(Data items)
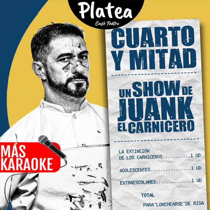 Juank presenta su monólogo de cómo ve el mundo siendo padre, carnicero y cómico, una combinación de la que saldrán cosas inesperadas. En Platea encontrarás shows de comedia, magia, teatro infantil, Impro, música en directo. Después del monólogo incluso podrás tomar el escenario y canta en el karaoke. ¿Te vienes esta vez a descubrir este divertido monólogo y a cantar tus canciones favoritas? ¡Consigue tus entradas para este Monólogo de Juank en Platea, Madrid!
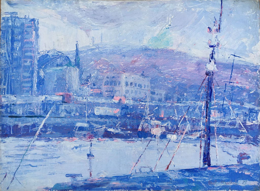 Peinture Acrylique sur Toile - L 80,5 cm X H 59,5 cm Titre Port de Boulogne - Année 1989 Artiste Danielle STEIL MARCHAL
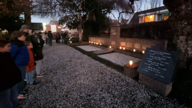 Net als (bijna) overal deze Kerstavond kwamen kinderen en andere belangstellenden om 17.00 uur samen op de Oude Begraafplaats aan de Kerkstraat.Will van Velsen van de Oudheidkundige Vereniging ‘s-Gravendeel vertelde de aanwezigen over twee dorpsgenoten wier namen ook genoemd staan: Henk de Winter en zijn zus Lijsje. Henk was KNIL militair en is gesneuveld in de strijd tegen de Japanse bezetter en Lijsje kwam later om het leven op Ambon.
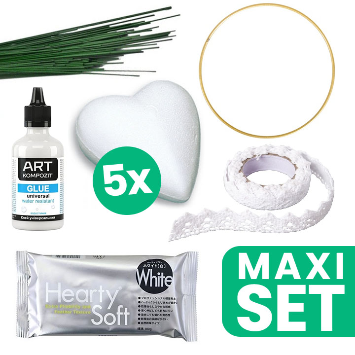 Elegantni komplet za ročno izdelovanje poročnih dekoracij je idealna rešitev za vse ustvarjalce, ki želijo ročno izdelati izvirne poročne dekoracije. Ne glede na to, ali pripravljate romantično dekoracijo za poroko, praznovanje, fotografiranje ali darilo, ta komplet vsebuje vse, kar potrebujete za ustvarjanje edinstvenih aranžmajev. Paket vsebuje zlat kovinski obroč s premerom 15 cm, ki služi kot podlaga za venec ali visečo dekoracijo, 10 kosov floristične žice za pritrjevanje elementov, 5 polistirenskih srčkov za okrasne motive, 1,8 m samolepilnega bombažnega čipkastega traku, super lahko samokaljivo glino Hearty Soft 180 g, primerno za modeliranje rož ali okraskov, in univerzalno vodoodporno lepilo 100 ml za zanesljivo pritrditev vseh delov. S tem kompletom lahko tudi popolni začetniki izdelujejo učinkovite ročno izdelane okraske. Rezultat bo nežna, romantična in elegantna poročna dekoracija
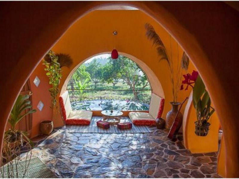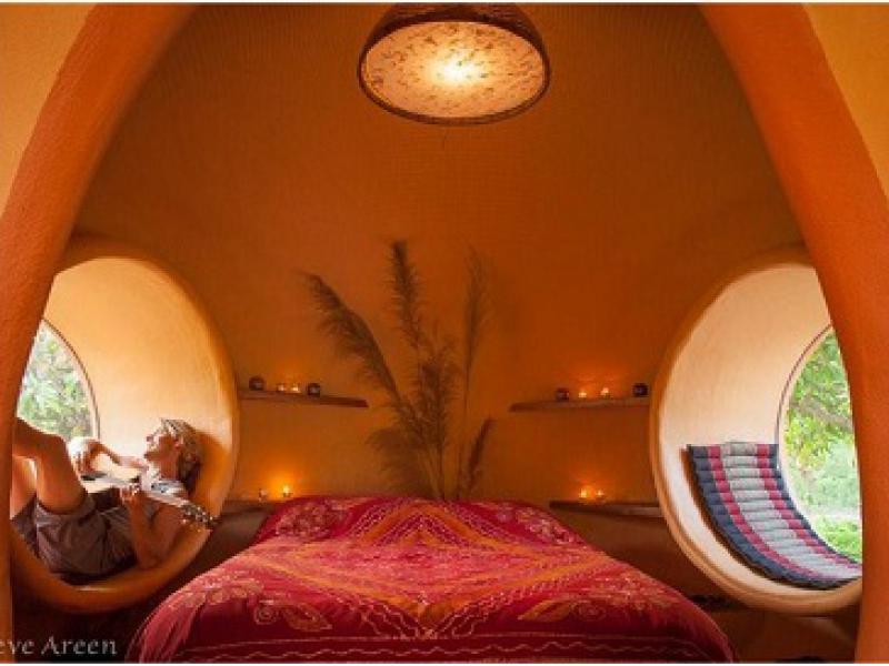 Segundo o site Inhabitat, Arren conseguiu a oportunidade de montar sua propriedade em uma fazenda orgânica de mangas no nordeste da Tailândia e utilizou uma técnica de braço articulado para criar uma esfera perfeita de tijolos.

*What you are asked to do*. Drop the images and quote the entries word for word.

*Written reply*.
 Juank presenta su monólogo de cómo ve el mundo siendo padre, carnicero y cómico, una combinación de la que saldrán cosas inesperadas. En Platea encontrarás shows de comedia, magia, teatro infantil, Impro, música en directo. Después del monólogo incluso podrás tomar el escenario y canta en el karaoke. ¿Te vienes esta vez a descubrir este divertido monólogo y a cantar tus canciones favoritas? ¡Consigue tus entradas para este Monólogo de Juank en Platea, Madrid!
 Peinture Acrylique sur Toile - L 80,5 cm X H 59,5 cm Titre Port de Boulogne - Année 1989 Artiste Danielle STEIL MARCHAL
 Net als (bijna) overal deze Kerstavond kwamen kinderen en andere belangstellenden om 17.00 uur samen op de Oude Begraafplaats aan de Kerkstraat.Will van Velsen van de Oudheidkundige Vereniging ‘s-Gravendeel vertelde de aanwezigen over twee dorpsgenoten wier namen ook genoemd staan: Henk de Winter en zijn zus Lijsje. Henk was KNIL militair en is gesneuveld in de strijd tegen de Japanse bezetter en Lijsje kwam later om het leven op Ambon.
 Elegantni komplet za ročno izdelovanje poročnih dekoracij je idealna rešitev za vse ustvarjalce, ki želijo ročno izdelati izvirne poročne dekoracije. Ne glede na to, ali pripravljate romantično dekoracijo za poroko, praznovanje, fotografiranje ali darilo, ta komplet vsebuje vse, kar potrebujete za ustvarjanje edinstvenih aranžmajev. Paket vsebuje zlat kovinski obroč s premerom 15 cm, ki služi kot podlaga za venec ali visečo dekoracijo, 10 kosov floristične žice za pritrjevanje elementov, 5 polistirenskih srčkov za okrasne motive, 1,8 m samolepilnega bombažnega čipkastega traku, super lahko samokaljivo glino Hearty Soft 180 g, primerno za modeliranje rož ali okraskov, in univerzalno vodoodporno lepilo 100 ml za zanesljivo pritrditev vseh delov. S tem kompletom lahko tudi popolni začetniki izdelujejo učinkovite ročno izdelane okraske. Rezultat bo nežna, romantična in elegantna poročna dekoracija
 Segundo o site Inhabitat, Arren conseguiu a oportunidade de montar sua propriedade em uma fazenda orgânica de mangas no nordeste da Tailândia e utilizou uma técnica de braço articulado para criar uma esfera perfeita de tijolos.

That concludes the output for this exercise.